- First baseman
- Born: March 10, 1925 New York City, New York, U.S.
- Died: April 1, 2007 (aged 82) Boca Raton, Florida, U.S.
- Batted: LeftThrew: Left

MLB debut
- April 22, 1951, for the Philadelphia Athletics

Last MLB appearance
- September 26, 1954, for the Philadelphia Athletics

MLB statistics
- Batting average: .202
- Home runs: 19
- Runs batted in: 62
- Stats at Baseball Reference

Teams
- Philadelphia Athletics (1951, 1954);

= Lou Limmer =

American baseball player (1925–2007)

Louis Limmer (March 10, 1925 – April 1, 2007) was an American Major League Baseball player in 1951 and 1954 for the Philadelphia Athletics.

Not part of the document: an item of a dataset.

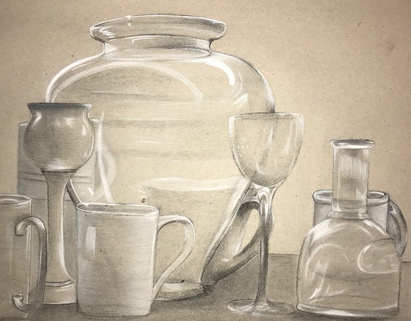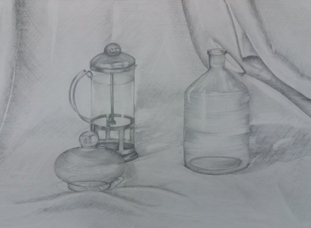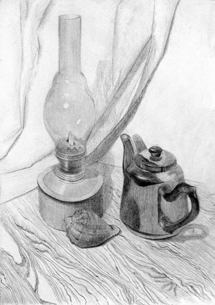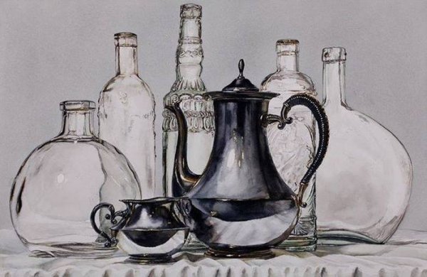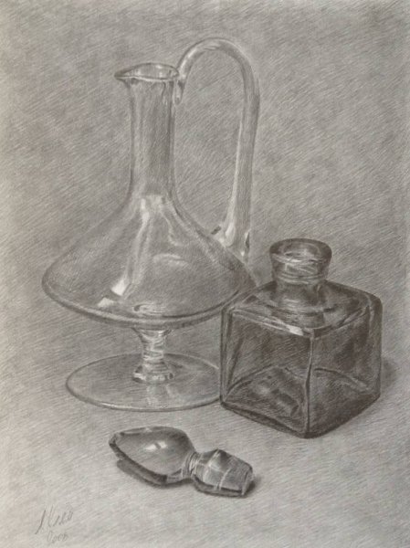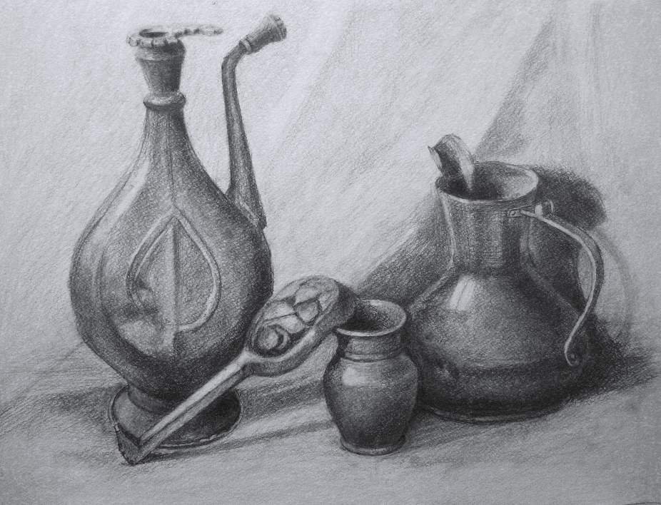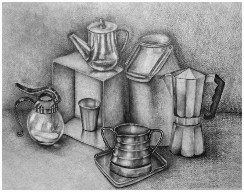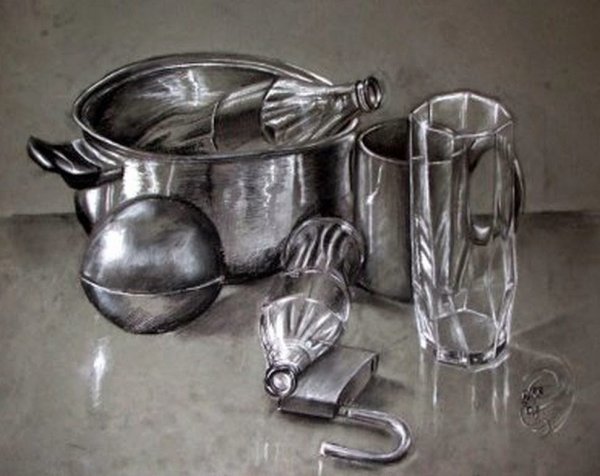 Очаровательный натюрморт, выполненный карандашом, запечатлевает великолепие металлической и стеклянной посуды. В этой уникальной композиции каждая деталь выражает свою индивидуальность и эстетическую ценность. Металлические предметы сияют благородным металлическим отливом, подчеркивая свою прочность и изящество формы. Стекло, как символ прозрачности и хрупкости, создает игру света и тени, придавая натюрморту особый загадочный шарм. Взглянув на это произведение искусства, необходимо признать, что карандаш может быть мощным инструментом, способным передать всю красоту и гармонию окружающего мира.

Limmer was born in the Bronx, New York, and was Jewish. He graduated from Manhattan High School of Aviation in 1943. Upon graduation, he joined the Army Air Corps, where he served until 1946.

Limmer played first base. He played in the Major Leagues for the Philadelphia Athletics in 1951 and 1954 and played and additional 11 years in the minors. He was in the top five for home runs seven times during his minor league career.

==Baseball career==
Limmer was signed as a free agent by the Philadelphia Athletics in 1946.

In 1946, in 40 games for the Lexington A's of the North Carolina State League he hit .313.

In 1947 he hit .326 for Lexington, with 24 home runs (3rd in the league) and 95 RBIs (5th in the league) in 405 at bats.

With the Lincoln A's of the Western League in 1948, he broke his neck in August while sliding into third base. He suffered a temporary loss of vision and was out for the season. He hit 28 home runs (second in the league) and had 93 RBIs (6th in the league) in 385 at bats that season.

In 1949, he hit .315 (4th in the league) with a league-leading 29 home runs, and drove in 105 RBIs (3rd) as he scored 100 runs for Lincoln.

He followed that up in 1950, leading the league with both 29 home runs and 111 RBIs for the St. Paul Saints of the American Association, earning "Rookie of the Year" honors.

On April 23, 1951, Limmer batted against Vic Raschi with one out in the ninth inning, a runner on base, and the Athletics trailing the New York Yankees by a score of 5–2. He hit a two-run home run, the first hit of his career, but the Athletics still lost 5–4. Limmer holds the distinction of having hit the last home run and last base hit for the Athletics before their move to Kansas City.

Limmer was involved in the only all-Jewish confrontation in Major League history. On May 2, 1951, Limmer was batting in a game against the Detroit Tigers. Pitching for the Tigers was Saul Rogovin, and catching for the Tigers was Joe Ginsberg.

In 1952 he played for the A's AAA club in Ottawa, hitting 23 home runs (4th in the league).

His best offensive year in the major leagues was in 1954, when he had 73 hits and 14 home runs.

In 1955 he hit 28 home runs (3rd in the league) in 416 at bats for the Columbus Jets and Toronto Maple Leafs of the International League, playing both first base and outfield.

In 1958, his last year in baseball, he hit 30 home runs (2nd in the league), a career-high 31 doubles, and had 100 RBIs (4th) and 96 runs scored for the Birmingham Barons of the Southern Association.

He later became the only major leaguer to become president of a shul, the Castle Hill Community Jewish Center in the Bronx.

He died in Boca Raton, Florida and is survived by his wife Pearl, sons Craig and Dan, and four grandchildren, David, Sarah, Michael and Michelle.

==Hall of Fame==
He is a member of the Philadelphia Jewish Sports Hall of Fame.